Data provided Block Start
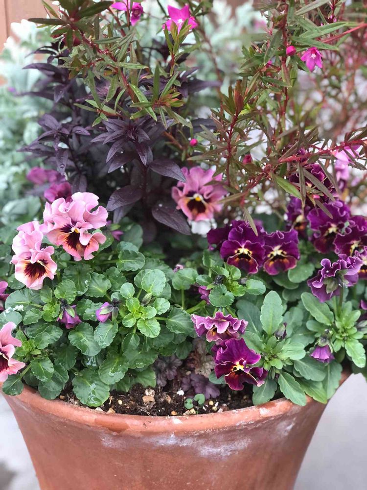 ビオラ×ビオラにしなくてもよかったのにって反省中です。ダメですね〜可愛いと思った苗を買って帰ってから鉢と相談して組み立てるからこうなります😅
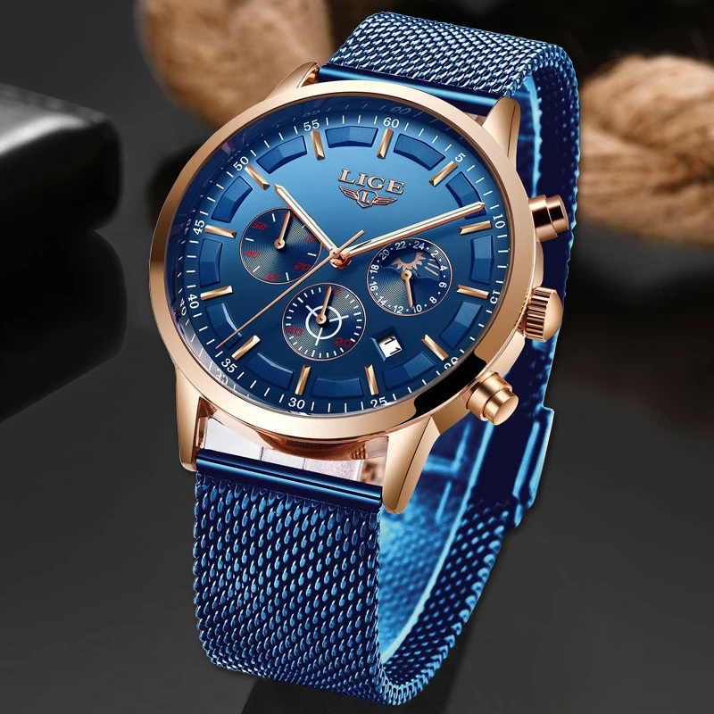 Часы наручные LIGE Мужские кварцевые, модные брендовые Роскошные повседневные спортивные водонепроницаемые из нержавеющей стали, синие
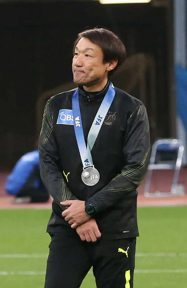<天皇杯決勝 浦和・大分>準優勝の表彰を受けた大分・片野坂監督(撮影・西海健太郎)
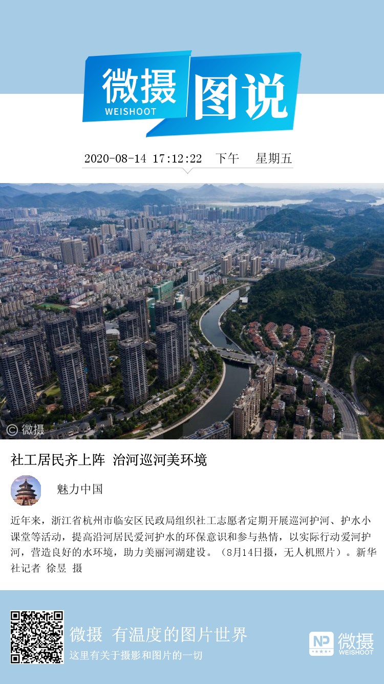 近年来,浙江省杭州市临安区民政局组织社工志愿者定期开展巡河护河、护水小课堂等活动,提高沿河居民爱河护水的环保意识和参与热情,以实际行动爱河护河,营造良好的水环境,助力美丽河湖建设。(8月14日摄,无人机照片)。新华社记者 徐昱 摄
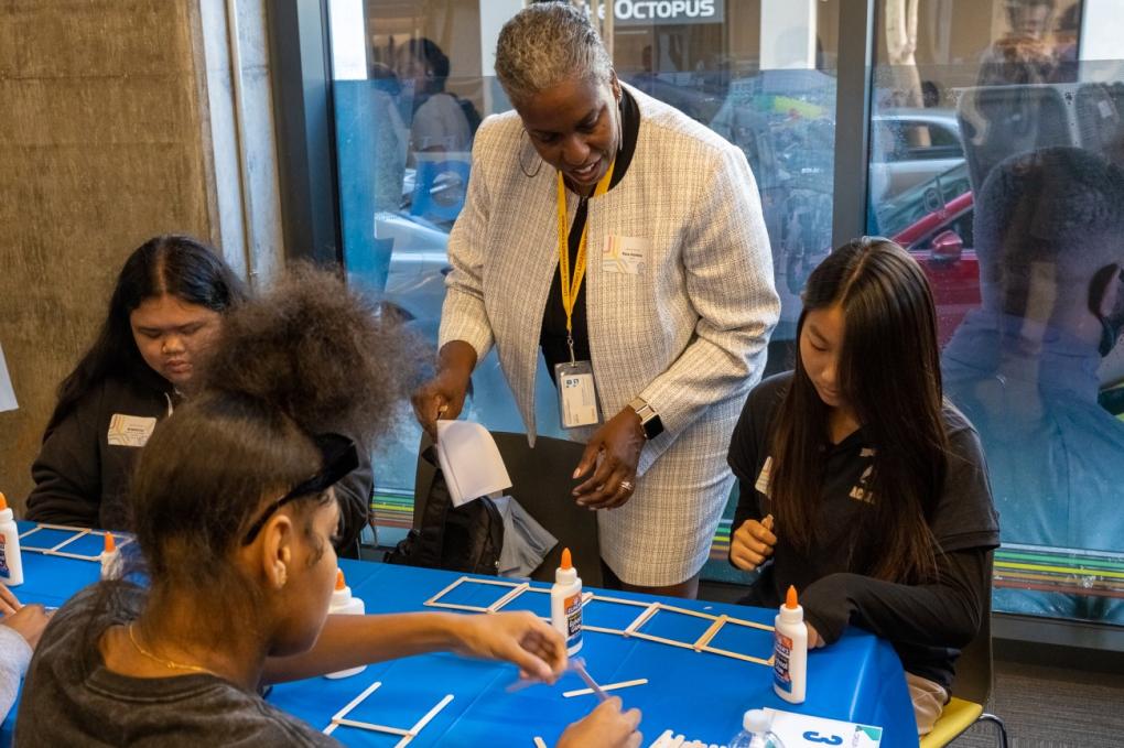 At the end of the discussion, the young women engaged in a team STEM bridge-building activity with popsicle sticks that put their science, technology, engineering, and math skills to the test.
Data provided Block End
● **Work order**:
Return the material exactly as it reads, though without the pictures it holds.

● **Your response**:
 ビオラ×ビオラにしなくてもよかったのにって反省中です。ダメですね〜可愛いと思った苗を買って帰ってから鉢と相談して組み立てるからこうなります😅
 Часы наручные LIGE Мужские кварцевые, модные брендовые Роскошные повседневные спортивные водонепроницаемые из нержавеющей стали, синие
<天皇杯決勝 浦和・大分>準優勝の表彰を受けた大分・片野坂監督(撮影・西海健太郎)
 近年来,浙江省杭州市临安区民政局组织社工志愿者定期开展巡河护河、护水小课堂等活动,提高沿河居民爱河护水的环保意识和参与热情,以实际行动爱河护河,营造良好的水环境,助力美丽河湖建设。(8月14日摄,无人机照片)。新华社记者 徐昱 摄
 At the end of the discussion, the young women engaged in a team STEM bridge-building activity with popsicle sticks that put their science, technology, engineering, and math skills to the test.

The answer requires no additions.